### EXERCISE REQUIREMENTS
Each line below must be transcribed exactly, and no picture may appear in the transcription.

═════ SOURCE INFORMATION

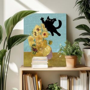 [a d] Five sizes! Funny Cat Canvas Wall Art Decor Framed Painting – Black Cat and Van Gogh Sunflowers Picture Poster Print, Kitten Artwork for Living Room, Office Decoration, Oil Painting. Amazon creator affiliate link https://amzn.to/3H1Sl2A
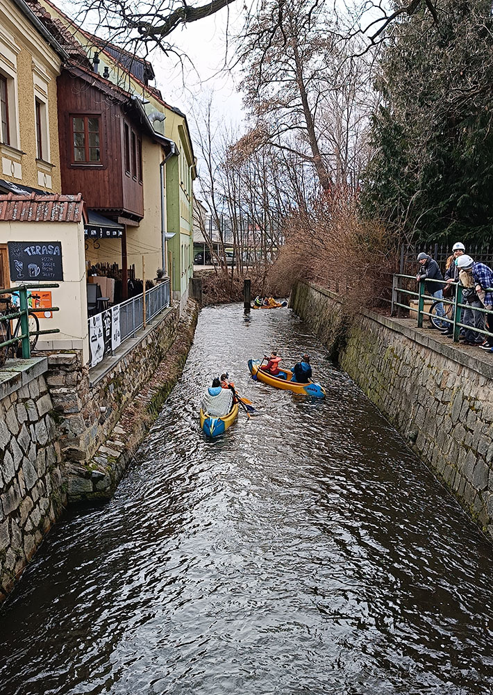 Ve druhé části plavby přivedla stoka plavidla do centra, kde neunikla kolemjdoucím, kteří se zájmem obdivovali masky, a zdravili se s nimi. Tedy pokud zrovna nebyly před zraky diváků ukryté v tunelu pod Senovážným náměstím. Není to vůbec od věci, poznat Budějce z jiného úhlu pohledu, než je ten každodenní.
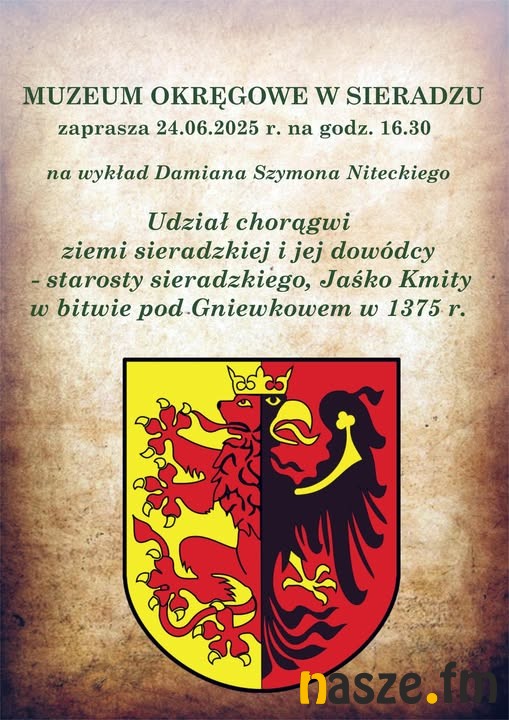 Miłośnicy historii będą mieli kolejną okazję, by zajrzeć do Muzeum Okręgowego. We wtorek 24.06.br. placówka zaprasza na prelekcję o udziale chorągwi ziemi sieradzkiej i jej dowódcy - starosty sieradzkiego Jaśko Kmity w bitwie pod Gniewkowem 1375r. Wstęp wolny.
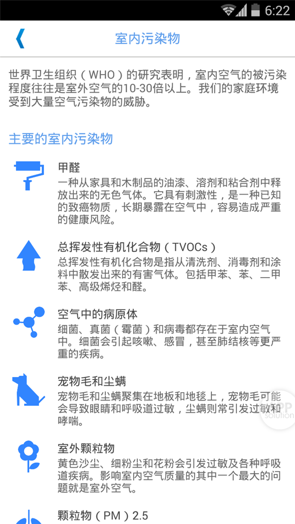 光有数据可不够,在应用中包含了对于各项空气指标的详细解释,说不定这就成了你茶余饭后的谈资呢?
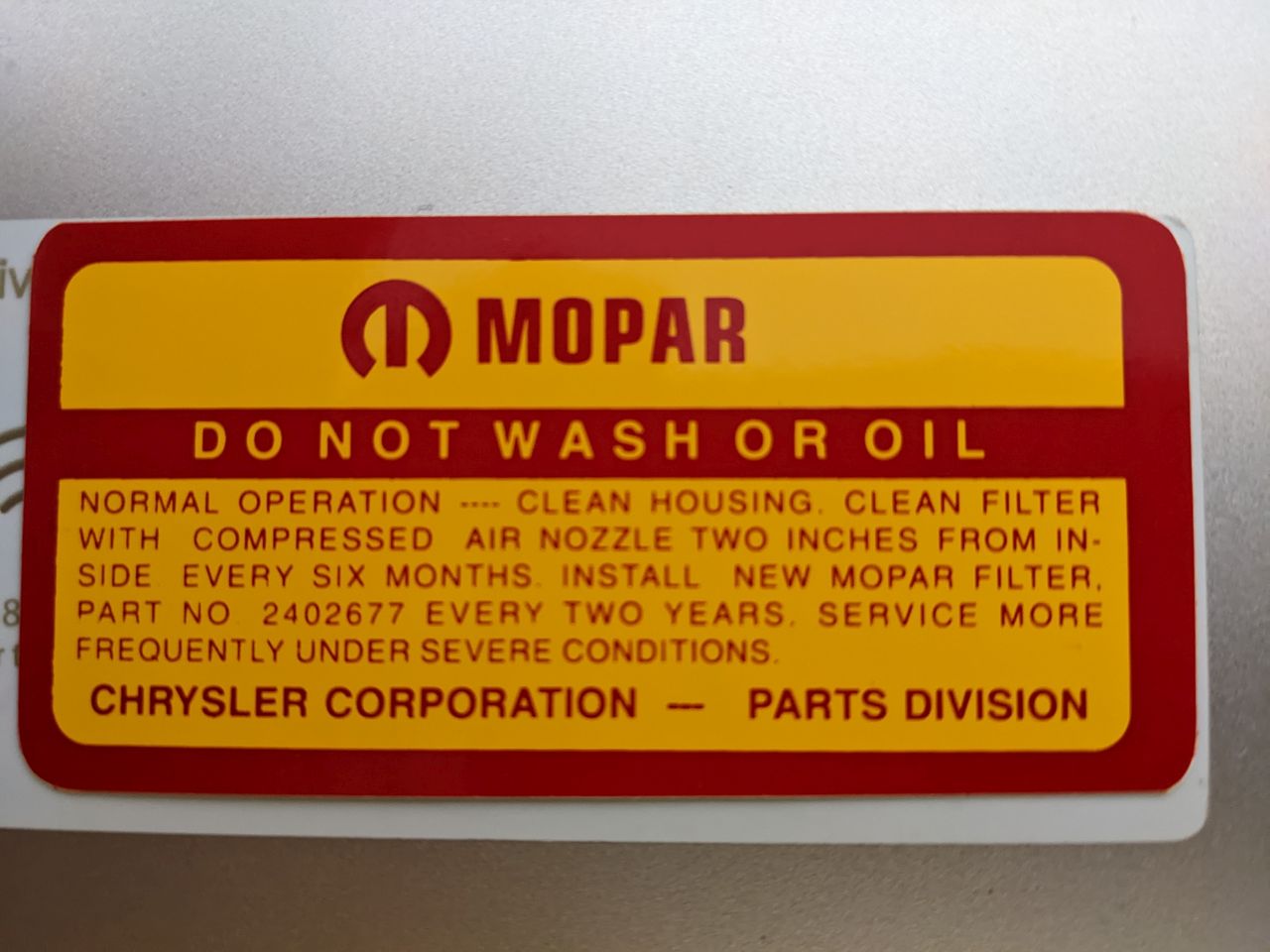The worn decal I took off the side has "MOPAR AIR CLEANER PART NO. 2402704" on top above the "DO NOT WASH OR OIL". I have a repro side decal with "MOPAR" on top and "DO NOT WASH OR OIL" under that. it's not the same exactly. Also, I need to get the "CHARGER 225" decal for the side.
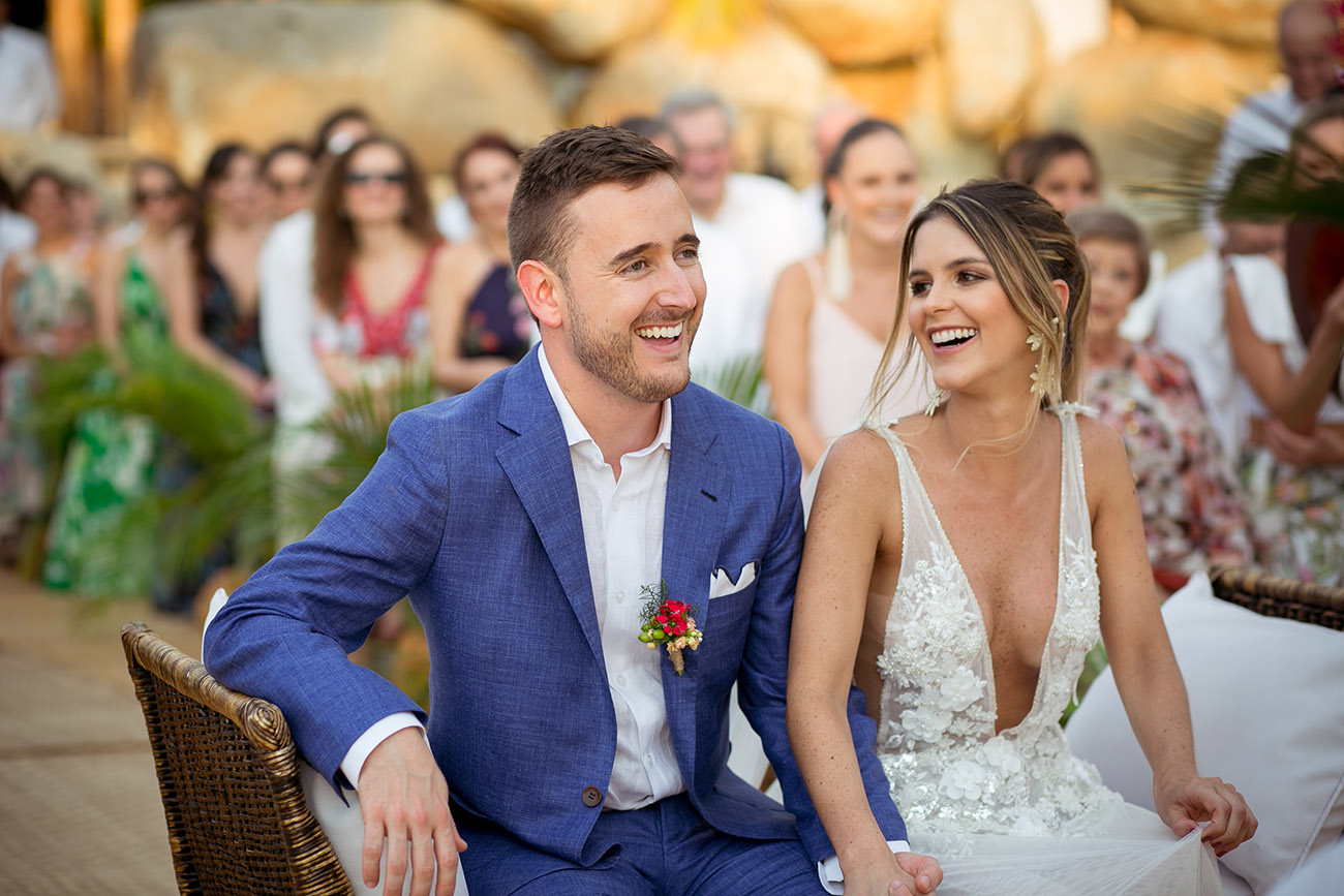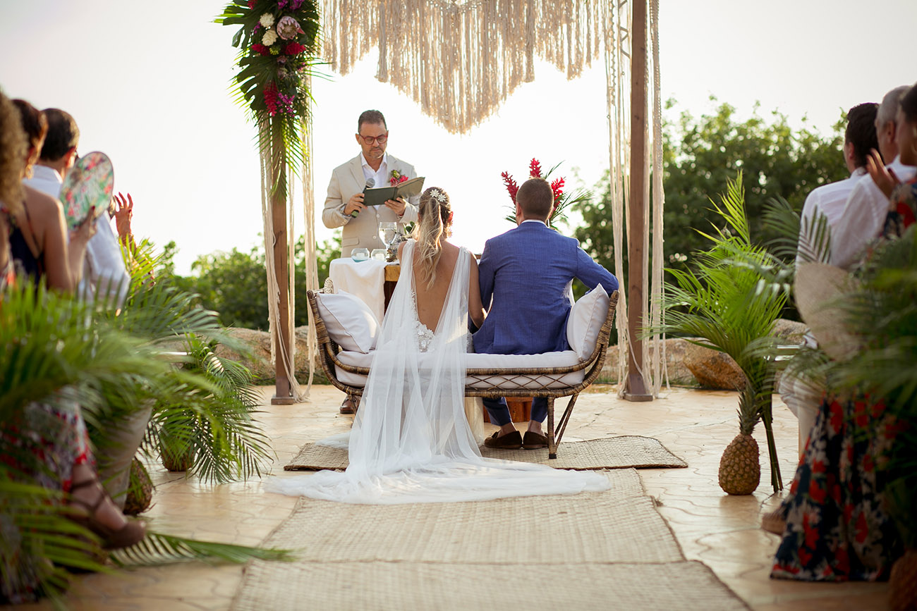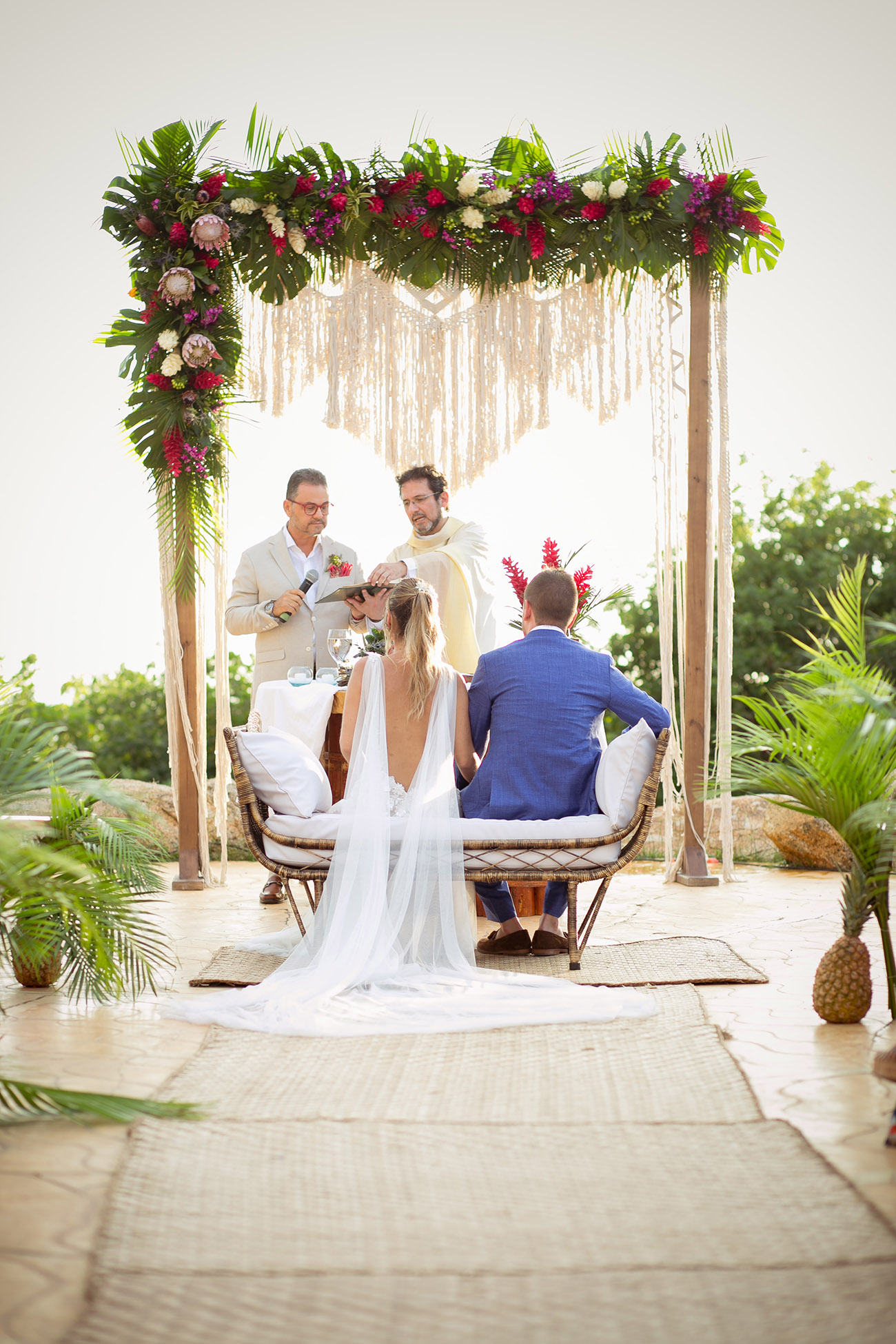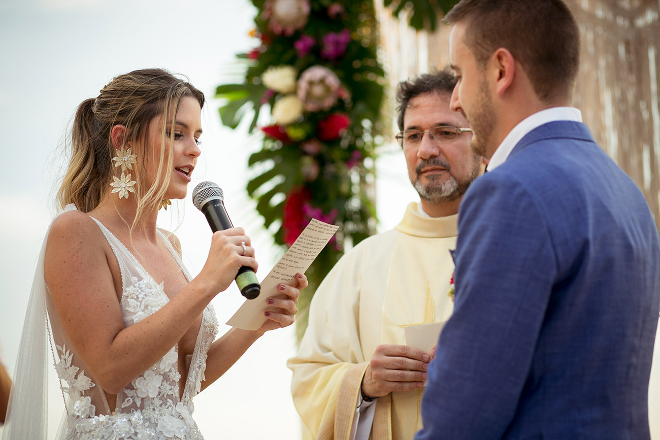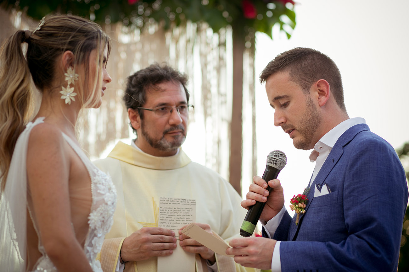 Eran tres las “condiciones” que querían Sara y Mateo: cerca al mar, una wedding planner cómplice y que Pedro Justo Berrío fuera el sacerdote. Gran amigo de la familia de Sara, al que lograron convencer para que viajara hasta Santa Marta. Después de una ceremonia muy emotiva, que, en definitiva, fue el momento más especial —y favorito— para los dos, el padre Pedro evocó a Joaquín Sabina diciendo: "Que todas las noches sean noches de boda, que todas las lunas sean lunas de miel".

══════════

### EXERCISE RESULT
 [a d] Five sizes! Funny Cat Canvas Wall Art Decor Framed Painting – Black Cat and Van Gogh Sunflowers Picture Poster Print, Kitten Artwork for Living Room, Office Decoration, Oil Painting. Amazon creator affiliate link https://amzn.to/3H1Sl2A
 Ve druhé části plavby přivedla stoka plavidla do centra, kde neunikla kolemjdoucím, kteří se zájmem obdivovali masky, a zdravili se s nimi. Tedy pokud zrovna nebyly před zraky diváků ukryté v tunelu pod Senovážným náměstím. Není to vůbec od věci, poznat Budějce z jiného úhlu pohledu, než je ten každodenní.
 Miłośnicy historii będą mieli kolejną okazję, by zajrzeć do Muzeum Okręgowego. We wtorek 24.06.br. placówka zaprasza na prelekcję o udziale chorągwi ziemi sieradzkiej i jej dowódcy - starosty sieradzkiego Jaśko Kmity w bitwie pod Gniewkowem 1375r. Wstęp wolny.
 光有数据可不够,在应用中包含了对于各项空气指标的详细解释,说不定这就成了你茶余饭后的谈资呢?
The worn decal I took off the side has "MOPAR AIR CLEANER PART NO. 2402704" on top above the "DO NOT WASH OR OIL". I have a repro side decal with "MOPAR" on top and "DO NOT WASH OR OIL" under that. it's not the same exactly. Also, I need to get the "CHARGER 225" decal for the side.
 Eran tres las “condiciones” que querían Sara y Mateo: cerca al mar, una wedding planner cómplice y que Pedro Justo Berrío fuera el sacerdote. Gran amigo de la familia de Sara, al que lograron convencer para que viajara hasta Santa Marta. Después de una ceremonia muy emotiva, que, en definitiva, fue el momento más especial —y favorito— para los dos, el padre Pedro evocó a Joaquín Sabina diciendo: "Que todas las noches sean noches de boda, que todas las lunas sean lunas de miel".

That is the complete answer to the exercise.